LP interview: Secondaries come first
Anneken Tappe interviews Idinvest CEO Christophe Bavière and asks why secondaries funds are increasingly attractive for European investors
Many investors had to rethink their investment approaches in the light of the financial crisis and the situation Europe is in now. Have you seen a change in the group of LPs that are interested in secondary funds?
Yes, we have seen a significant increase in interest. In the current market and in light of the financial crisis, the traditional primary fund approach is being challenged. We are raising a new vehicle that is 100% focused on secondary transactions. It is obvious why the secondary market is attractive to investors: it has a shorter duration and generates immediate returns. And opportunities in the market are quite rich. What we have seen is that investors develop more sophisticated approaches. They want exposure to a specific part of the secondary market to manage risks. To get a good return you need to focus on a niche.
What impact does an increase in distressed portfolios have on secondaries?
If you think that the underlying economy is poor - let's assume that - this raises concerns, such as what risks should you look at for secondary transactions. Our immediate reaction at Idinvest is that it is appropriate to play this risk through the secondary as opposed to the primary market.
The trust in Europe is not very high, but in secondaries you see what you're buying and you don't pay for a single deal GPs are working on.
As a rule of thumb for private equity strategies, remember to never buy the benchmark, it's always about cherry-picking. The worst thing to do is to make an investment decision without considering your own preferences. The current secondary market is perfect for that.
What are your thoughts on family offices as a credible investor group in the private equity space? Some say they are looking for more direct involvement, some say they should stick with a passive approach.
Family offices are not a homogenous group. The large ones behave more or less like real institutional investors. But yes, we are supported by family offices as well. They tend to be very open to somewhat tailored investment solutions.
Plus, sometimes you need a co-investor and family offices can be a good choice, as they can react much faster than some institutional investors. They are a credible group, all in all, and they complete an investor base very nicely.
They can also be a good resource for secondary transactions. We bought from family offices at a significant discount before. Then they could refocus on their core investment strategy. It can be a rational decision to sell fast at a big discount, and it was a very good decision for us to buy in this case.
Are there any regions or sectors in Europe that are particularly interesting in terms of future dealflow?

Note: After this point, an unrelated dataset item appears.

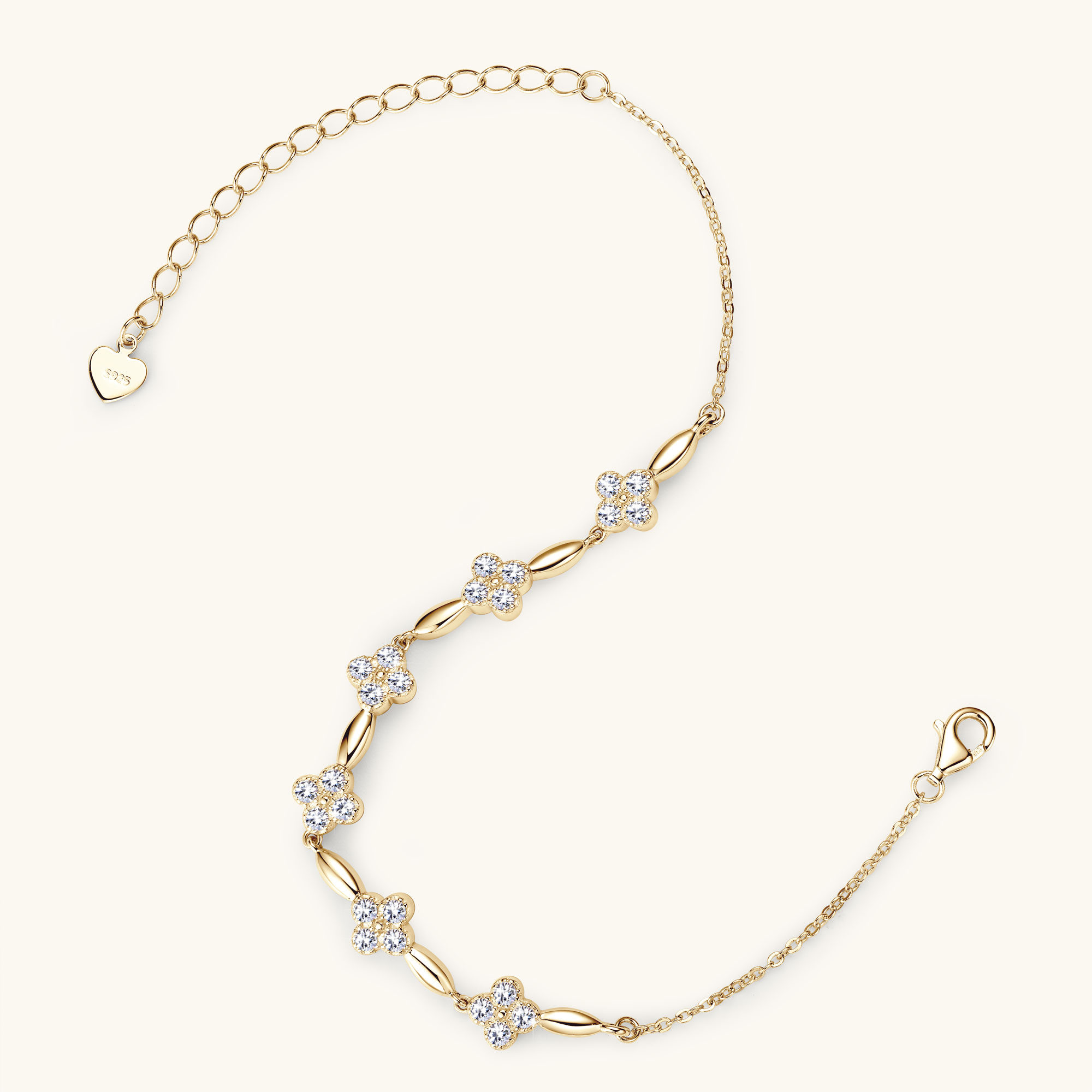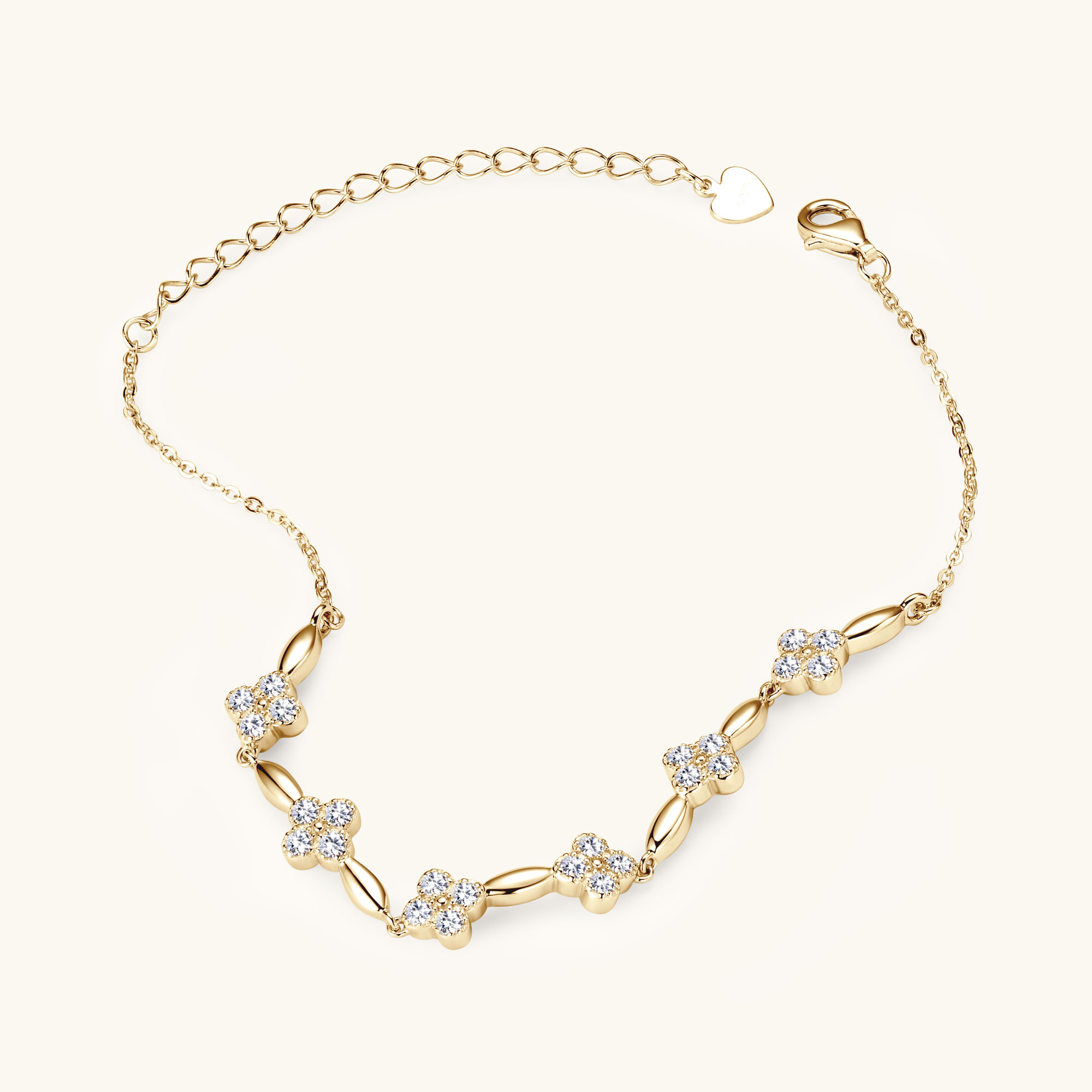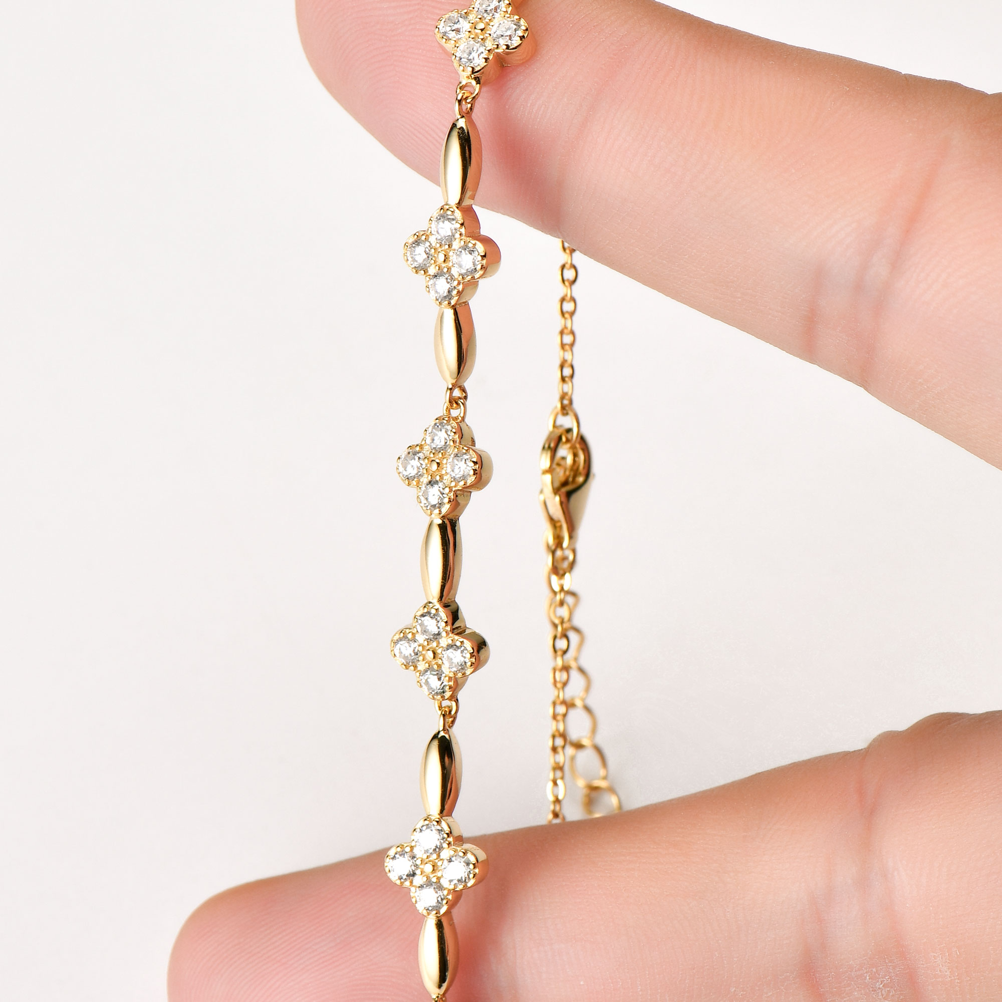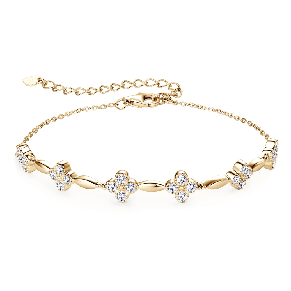 Sweetrain 925 Sterling Silver Flower Clover Moissanite Bracelet for Women 18k Gold Plated Fine Jewelry Gift GRA Certified

Last year, we could buy a portfolio of mid-market deals in the automobile industry in northern Italy. Nobody would have a look at it, not because it is not a good investment, but because of the words ‘Italy' and ‘automobile'.
I'm also thinking of Spanish companies exporting to domestic markets in South America. We have seen opportunities in 2012, but there could be more like that in the future. Overall, we will continue to concentrate on small transactions. Private equity is an inefficient asset class: it is illiquid and not very transparent. But in the case of deals in the range of ⇔5-35m, there may be more value for money.
Investors often say that private equity requires a lot of time and energy for an ultimately more complex business. That's why you should only focus on those components of the market that you know best. We access assets without intermediaries and thereby get more information on them. In the end, you create alpha when you have specific access to information. That's why it's best to find a niche.
Not too long ago, there were some GPs who said mezzanine was becoming a rarity in Europe. What is your opinion on the mezzanine market?
Currently, we see a lot of situations where you get a cash coupon plus PIK, making it a return largely north of 10%, as well as access to warrants. On a usual deal, these warrants will yield a 15% return if equity makes 25%. But to buy cheap and make 25% IRR today... Well, it's rare, as there is still a lot of dry powder and high valuations.
In short, mezzanine generates returns for investors from day one and our analysis is that on some specific transactions, the final expected IRR will be competing (and outperform) the equity sponsor's IRR.
In continental Europe, 2012 saw a lot of deals for which it was better to be exposed through mezzanine than through equity. Certainly, this is a momentary observation and it adapts to the current market situation.
At the same time, 2012 has seen a rally in high-yield bonds and now you would have to move into the really distressed bonds to generate the same returns.